A US study has found that omen who undergo hypnosis just before breast cancer surgery need less anesthetic and experience lower levels of pain and other side-effects following the operation. The study also found that patients who had a hypnosis session with a psychologist an hour before surgery spent less time in the O.R. – about 11 minutes, on average – resulting in significant cost savings, mainly due to reduced operating time.
“Breast cancer patients are a population in need,” lead author Guy Montgomery, a clinical psychologist at the Mount Sinai School of Medicine, said. “They’re going through a lot both from a psychological perspective as well as a physical perspective from the surgery itself.”
“Our patients at discharge had less pain intensity, less pain unpleasantness, less nausea, less fatigue, less discomfort and they were less emotionally upset about the whole experience,” Montgomery said of those who were hypnotized.
To conduct the study, 200 women scheduled for surgical breast biopsy or lumpectomy were randomly assigned to have either a 15-minute session of hypnosis or a short period of empathetic listening with a psychologist.
Those assigned to hypnosis were first reassured about the so-called mesmerizing technique, with psychologists debunking myths about hypnosis popularized in movies and television, said Montgomery, director of the Integrative Behavioural Medicine Program at Mount Sinai.
“We answer any patient questions and the typical `Will I cluck like a chicken?”‘ he said laughing. “We explain that hypnosis is not mind control, you’re not going to be asked to do anything embarrassing. It’s not like taking a powerful drug that leaves you zonked out.”
“It’s more like focused attention, focused concentration, where you’re able to let yourself relax and you’re the person in charge.”
Each woman was asked to close her eyes and imagine herself in a special place, perhaps lying on a beach on a warm summer day. The psychologist then directed the patient to become deeply relaxed. Once hypnotized, suggestions were made specifically related to recovery from surgery.
“So we say: `You might experience some pain after surgery, but your special place will protect you and . . . it will hardly bother you,”‘ Montgomery said.
“We do tell the patient this is not magic. It’s not like we’re going to make 100 per cent of everyone’s pain go away. But rather it’s a way to reduce your pain. So if your pain might have been an eight (on a scale of zero to 10), we want to get it to a four.”
Researchers found that because those in the hypnotism group experienced reduced side-effects, they spent less time in hospital recovering, while less time in the operating room resulted in an average saving to a hospital of US$773 per patient.
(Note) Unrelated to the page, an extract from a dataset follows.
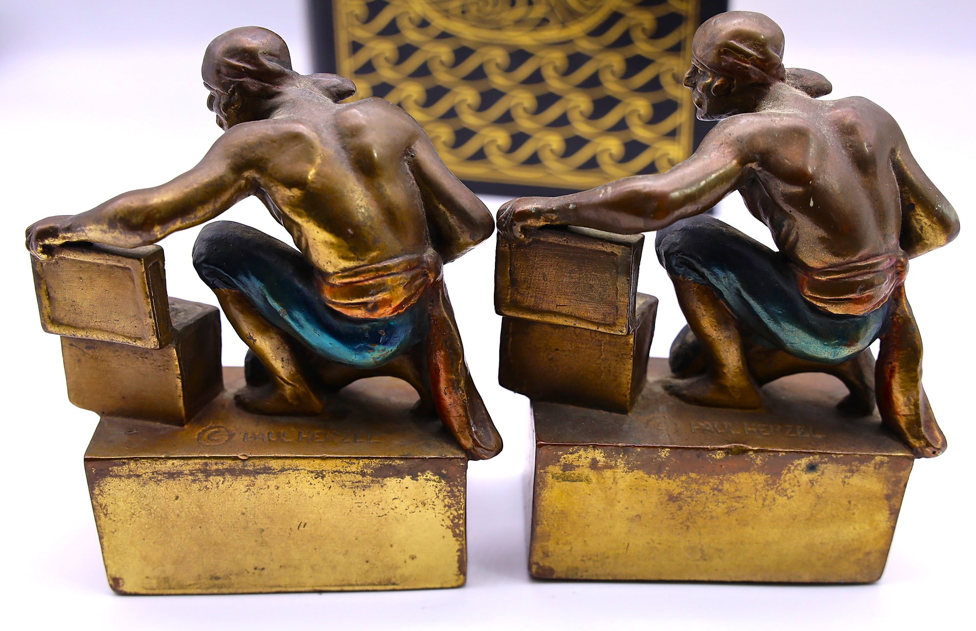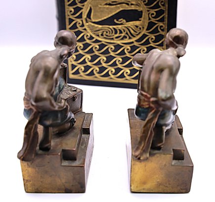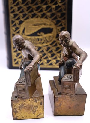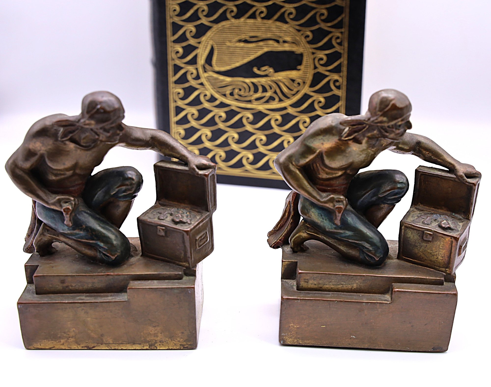 Paul Herzel bronze-clad pirate bookends. 5"Hx 4"W x 2"D

“The most important point is this is an easy thing we can do for patients, it saves institutions money, so basically it’s a win-win,” he said. “We can reduce side-effects of surgery without using basically any health-care dollar resources. It pays for itself.”
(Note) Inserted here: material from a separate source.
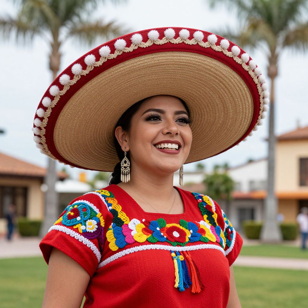 Woman wearing vibrant traditional Mexican attire, including a wide-brimmed sombrero adorned with white pom-poms, a red blouse with colorful embroidered patterns, and dangling earrings, smiles joyfully outdoors against a backdrop of palm trees and buildings.

Dr. May Lynn Quan, a breast surgical oncologist at Sunnybrook Health Sciences Centre in Toronto, called pre-op hypnosis a “very novel idea . . . We’re always looking for ways to improve the patient experience, and if we can do it without using drugs and without the purchase of an expensive piece of equipment or whatever, that’s really exciting.”
But Quan noted that the study relied on highly trained clinical psychologists to perform the hypnosis, a type of health provider she does not believe is abundantly available at most Canadian hospitals.
Furthermore, she said the type of anesthetic used by the U.S. doctors – a drug called propofol that produces heavy sedation rather than the unconsciousness of general anesthetic – is not widely used by breast cancer surgeons in Canada. It’s unclear whether the study results would still apply.